A review of nineteen safety studies concluded that both herbicide-resistant and insecticide-producing GMO crops showed “damaging impacts on the health of mammals who consume them, particularly in the liver and kidneys,” with indicators suggesting increased toxicity from long-term consumption and probable multi-generational effects.
No long-term human safety studies had been completed, yet the USDA and FDA continued approving new GE crops and even agreed to expedite their approval process.
The Alternative: Ecological Farming
A United Nations study documented what the biotech industry’s promotional materials omitted: ecological farming methods could dramatically increase food production without the environmental and health costs of genetic engineering.
Key findings from the UN research included:
- Eco-farming projects across fifty-seven nations showed average crop yield gains of eighty percent using natural methods for soil enhancement and pest management
- Projects in twenty African countries resulted in doubled crop yields within three to ten years
- Sustainable ecological farming could significantly outperform conventional agriculture over the long term
A report to the United Nations Human Rights Council by Special Rapporteur Olivier De Schutter reinforced these findings, noting that existing industrial food systems had “failed to address hunger, and at the same time encourage diets that are a source of overweight and obesity that cause even more deaths worldwide than does underweight.”

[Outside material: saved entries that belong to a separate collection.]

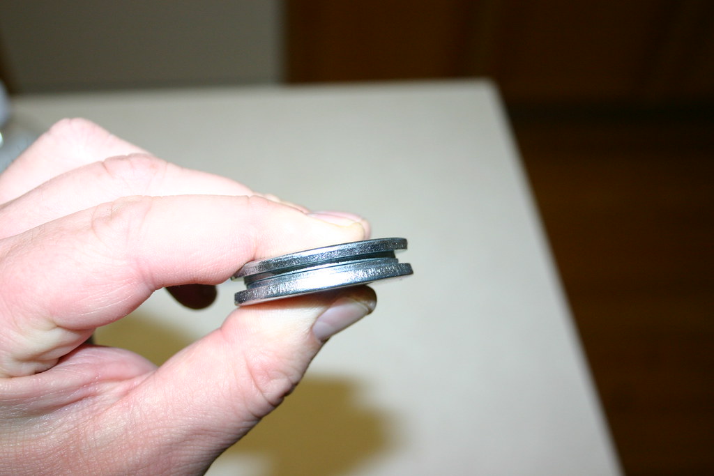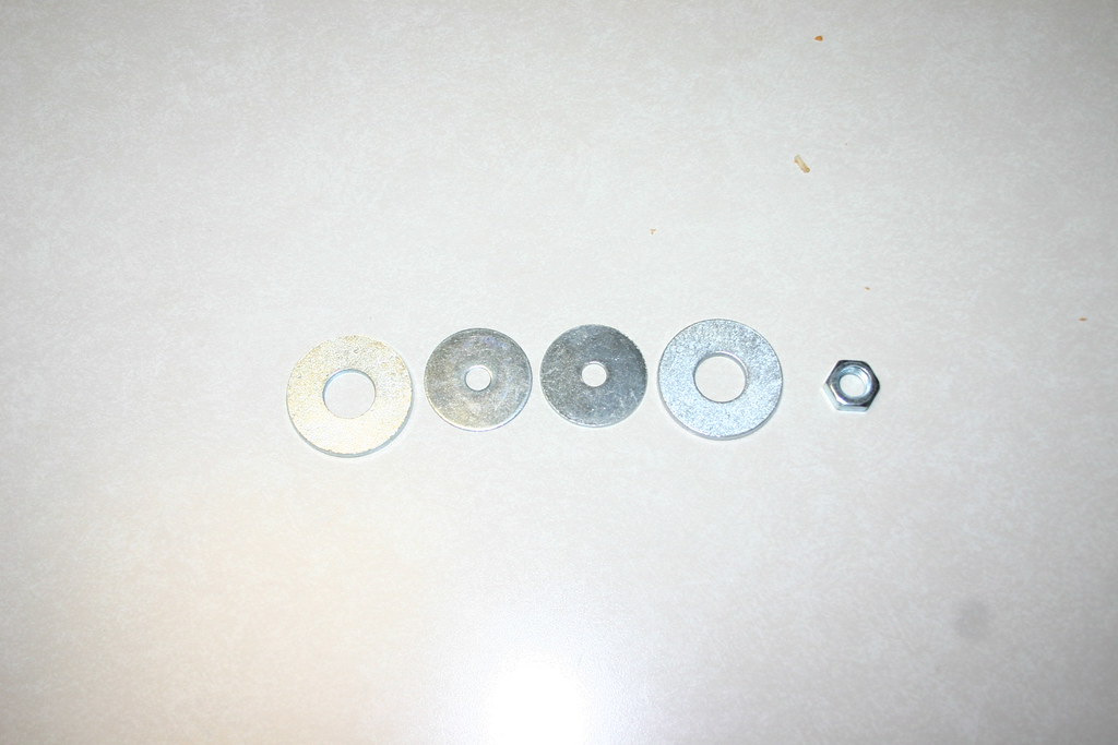 I decided based on some recommendations from a member at the Hangar45 forum that instead of using a horn method of connecting cables between the two yokes that I should be using pulleys instead.    I needed pulleys to hold very small 1/8" plastic coated cable I plan on using and it had to be just under 2" in diameter.   I also needed them to be relative slender because I can only fit so much on the top of the column in the space I have.    Well after hunting around I couldnt find anything that fit the bill.   Then while at the hardware store in the nuts and bolts aisle a solution sprung into my brain.    I got what I needed and ran home to my acetelene welder and viola....what you see below is what I came up with.   I think this will work perfect.    Thought I would post in case anyone else has run into this need before.   All you need is some washers and a little brazing....
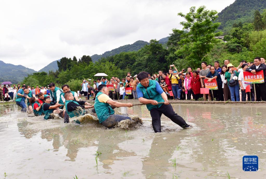 當日,湖北省宜昌市秭歸縣九畹溪鎮舉辦農民趣味運動會,來自各村的200多名農民進行拔河、挑水、插秧、摸魚等趣味競技比賽,樂享農耕文化的快樂。
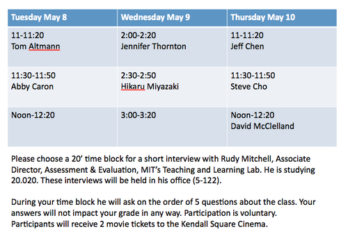If you're able, please consider participating in a short (20') interview this week with Rudy Mitchell, Associate Director, Assessment & Evaluation, MIT's Teaching and Learning Lab. He is studying 20.020.
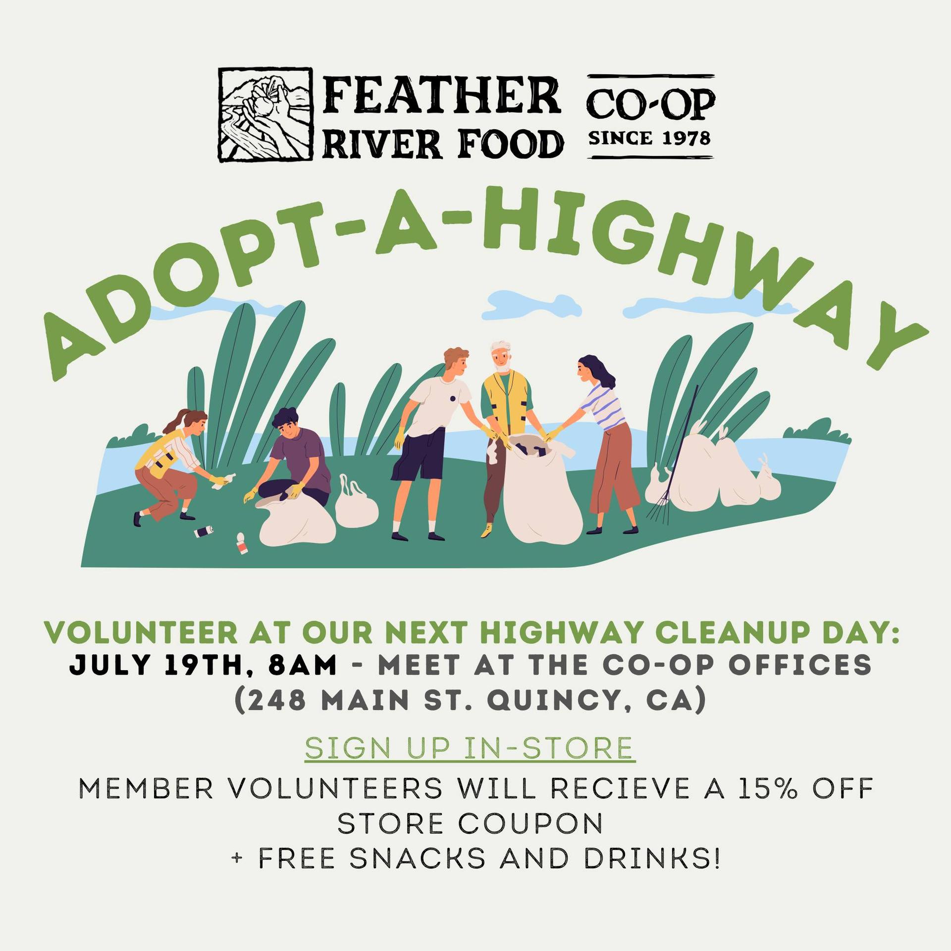 Highway Cleanup Day is This Saturday Join the Feather River Food Co-Op for a morning of fresh air and community spirit at the next Highway Cleanup Day.
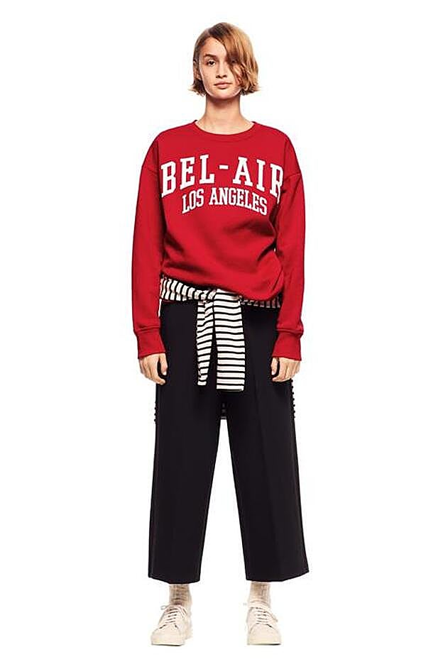 Declinada en rojo y con grandes letras impresas, esta sudadera es el recurso perfecto para mezclar con un par de pantalones negros rectos y una sudadera de rayas anudada a la cintura. Pero para hacerla apta para las aulas, se puede conjuntar con una americana de cuadros príncipe de Gales, una camisa oxford lisa en tonos claros y un par de vaqueros rectos de bajo deshilachados
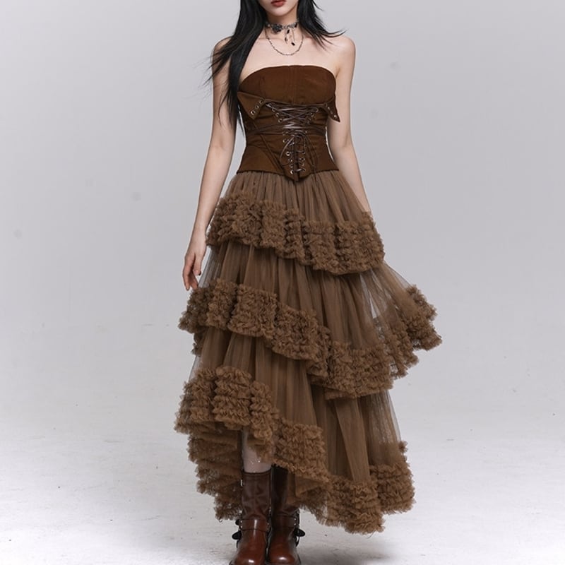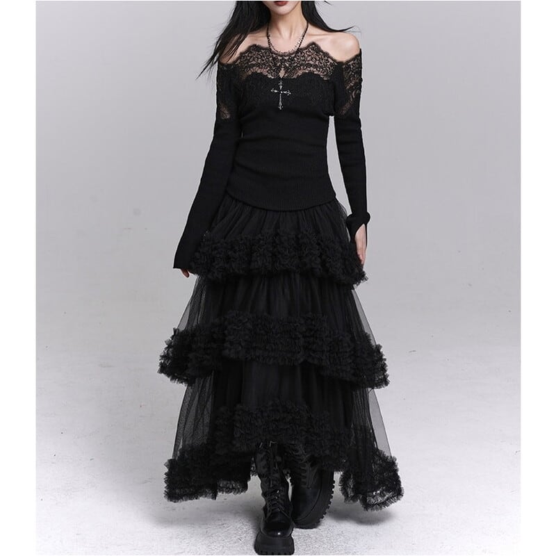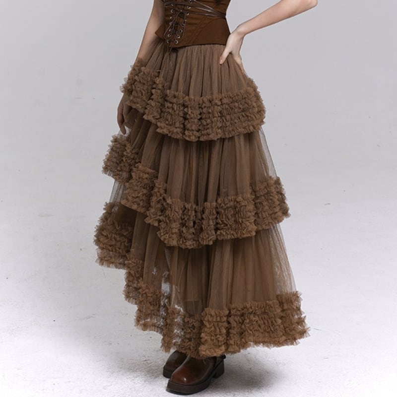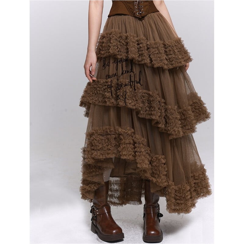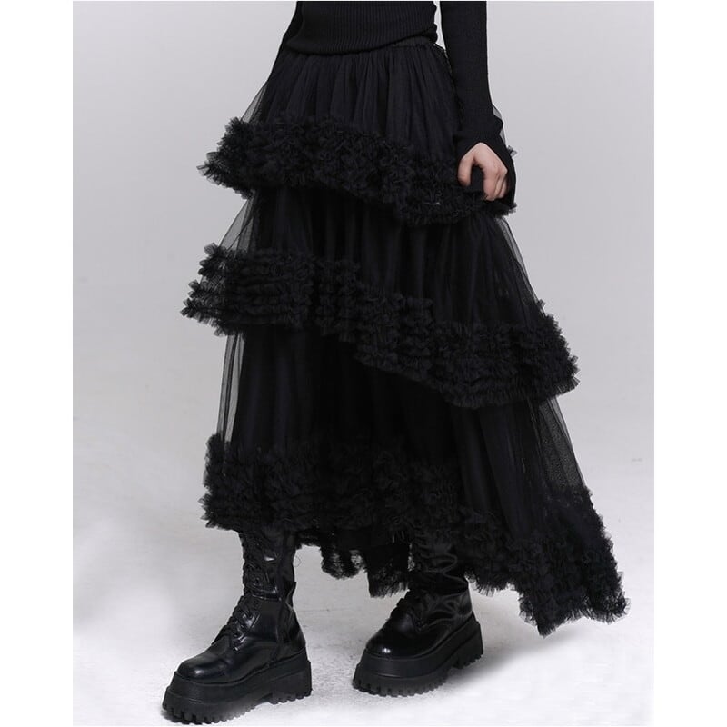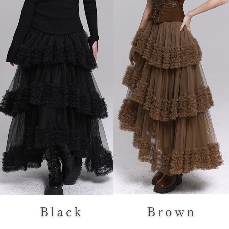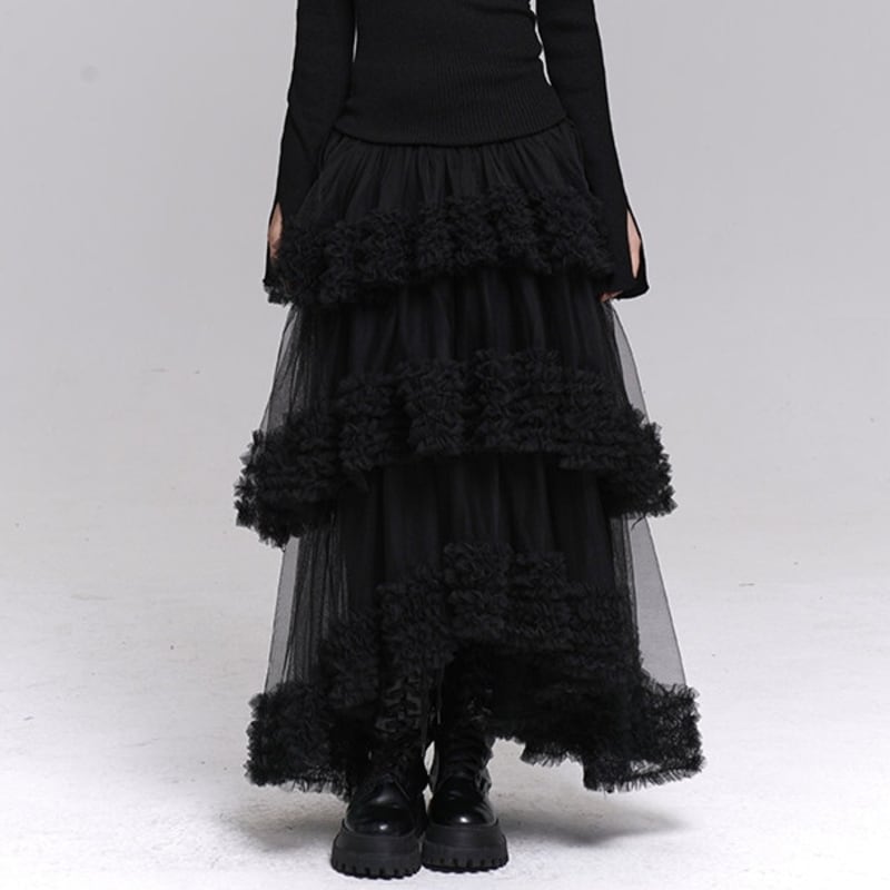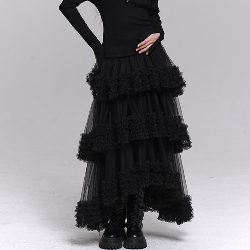 フリルがポイントのアシンメトリーチュールロングスカート。
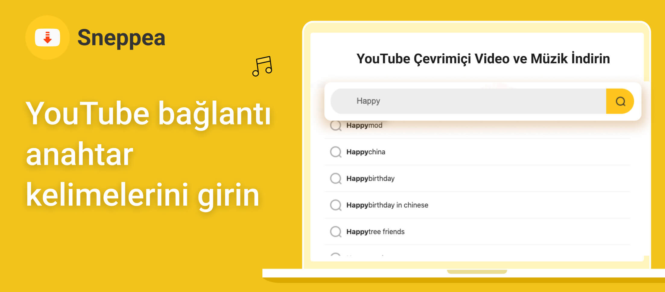 Harika! Artık Sneppea YouTube çevrimiçi film indiricinin internet sitesine gidip kopyalanan videonun linkini girebilirsiniz. İsterseniz anahtar kelimeleri girip, YouTube’dan sonuçları edinip, bir video seçebilirsiniz.

Don Huber, emeritus soil scientist at Purdue University, framed the fundamental issue in ecological terms: plant growth depends on an interconnected web of sunlight, water, temperature, genetics, and soil nutrients. “Any change in any of these factors impacts all the factors,” he explained. “No one element acts alone, but all are part of a system.” Genetic engineering’s reductionist approach to agriculture — altering single traits in isolation — ran counter to this basic principle of ecological interdependence.
The question of how to feed a growing global population while protecting environmental and human health remained one of the most consequential challenges of the era. The evidence suggested that the answer lay not in corporate-controlled genetic modification but in the proven methods of sustainable agriculture that worked with natural systems rather than against them.